TGF-β/Smad Inhibitors

SD-208 is a potent, orally active ATP-competitive transforming growth factor-β receptor 1 (TGF-βRI) inhibitor (IC50= 49 nM); displays > 100-fold and > 17-fold selectivity over TGF-βRII and other common kinases respectively.

SB-505124 hydrochloride is an inhibitor of ALK.

SIS3 is a novel specific inhibitor of Smad3. It has effect on transforming growth factor-beta1-induced extracellular matrix expression.

(+)-ITD-1 is a resolved enantiomer of ITD-1 that possesses a greater than 2-fold increase in TGF-β inhibition (~400 nM) and 1.3-fold increase in cardiogenesis compared to the racemic ITD-1.

R-268712 is a potent and selective inhibitor of ALK5 with an IC50 of 2.5 nM.

Chebulinic acid is a potent natural inhibitor of M. tuberculosis DNA gyrase, also can inhibit SMAD-3 phosphorylation, inhibit H+ K+-ATPase activity.
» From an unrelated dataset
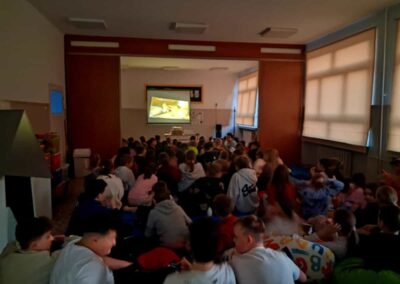 Podczas wcześniejszego głosowania uczniowie sami zdecydowali, jaki film chcą obejrzeć. Zwycięzcą okazał się kultowy film animowany Shrek 2 – pełna humoru i wzruszeń opowieść o przygodach zielonego ogra i jego przyjaciół. Wybór okazał się strzałem w dziesiątkę! Przygody Shreka, Fiony i Kota w Butach wywołały mnóstwo śmiechu, a wspólne oglądanie jeszcze bardziej zintegrowało uczniów.
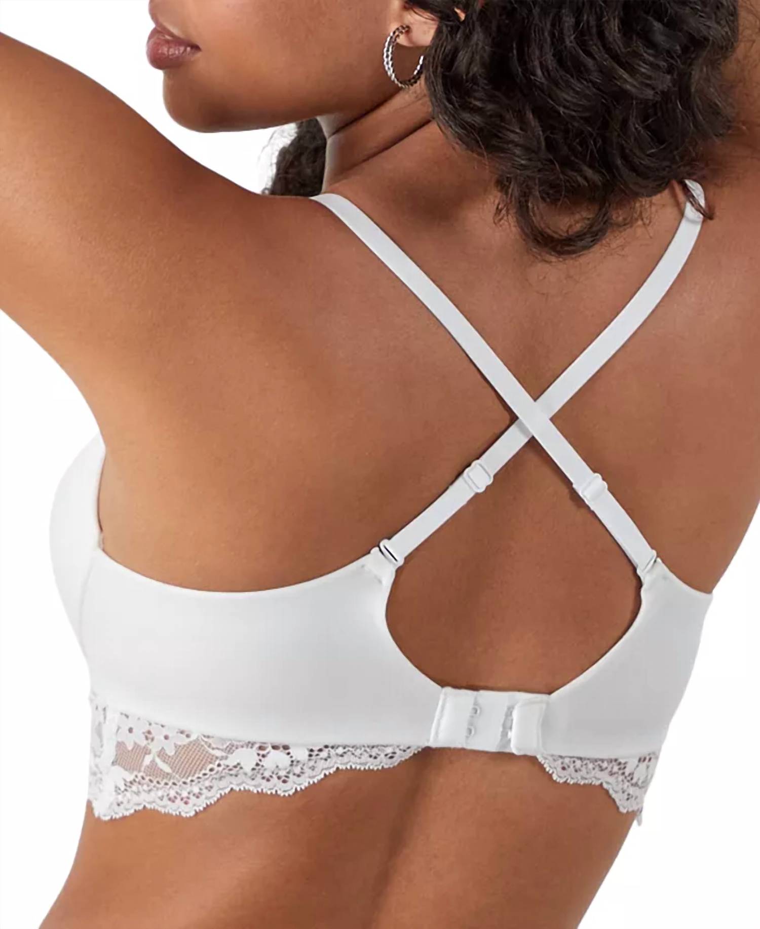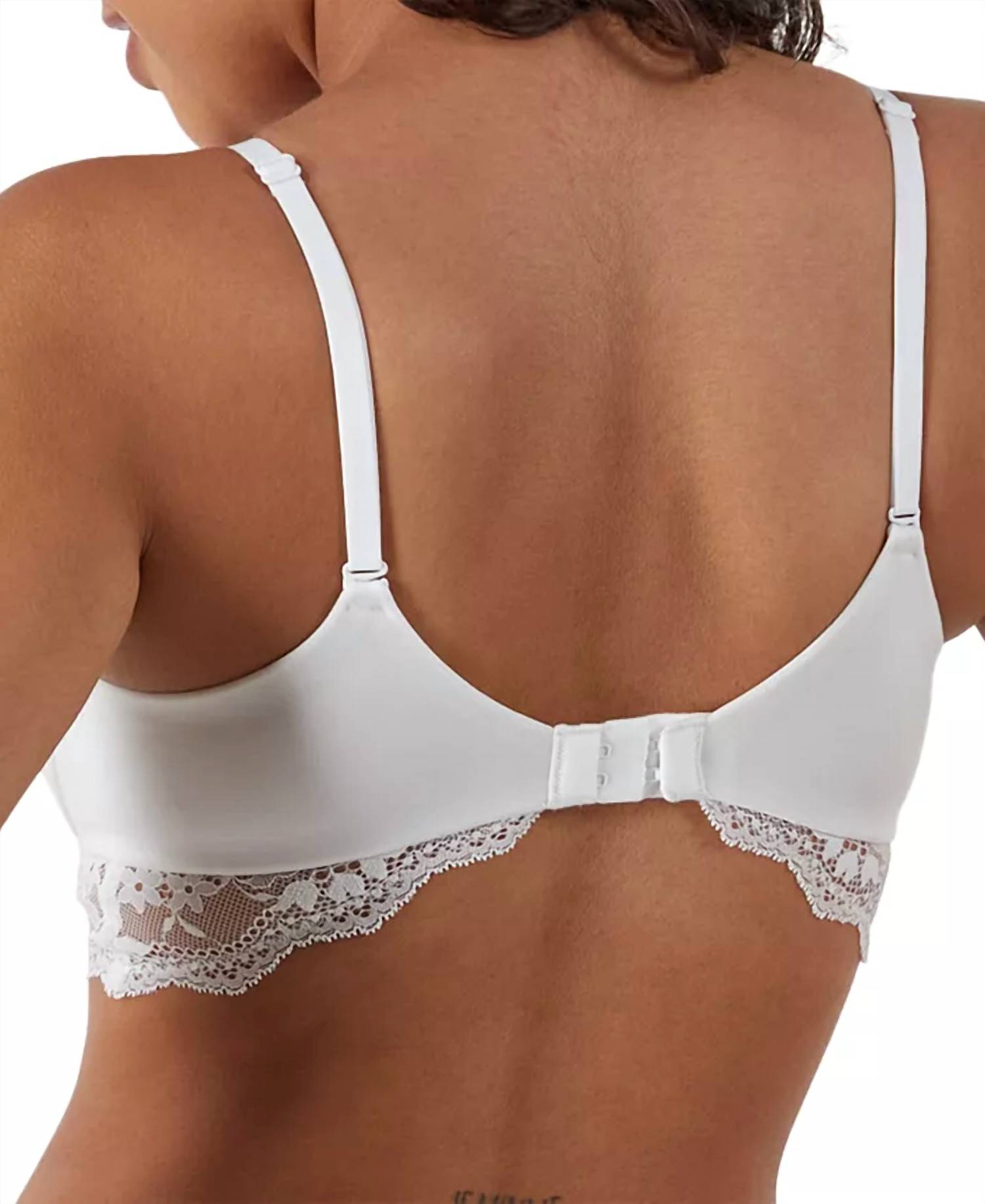 This bra will be your new top-drawer favorite. Scalloped lace trim adds a romantic touch to this super-soft wireless bra that provides a natural lift and flattering shape. Pretty enough for a special occasion, it’s so comfortable you’ll want to wear it every day. This wireless bra was designed with Your Lift™ technology and features plush, natural shaping cups. Plus, its convertible design allows you to wear it traditional or criss-cross for extra versatility. Hand wash. Body: 82% Nylon, 18% Spandex. Lace: 84% Nylon, 16% Spandex.

SRI-011381 hydrochloride is a TGF-beta signaling agonist.

BIBF0775 is an inhibitor of the transforming growth factor β receptor I (TGFβRI).

LDN193189 HCl (DM-3189) is the hydrochloride salt of LDN193189, which is a selective BMP signaling inhibitor, and inhibits the transcriptional activity of the BMP type I receptors ALK2 and ALK3 with IC50 of 5 nM and 30 nM in C2C12 cell lines, respectively, 200-fold selectivity for BMP versus TGF-β.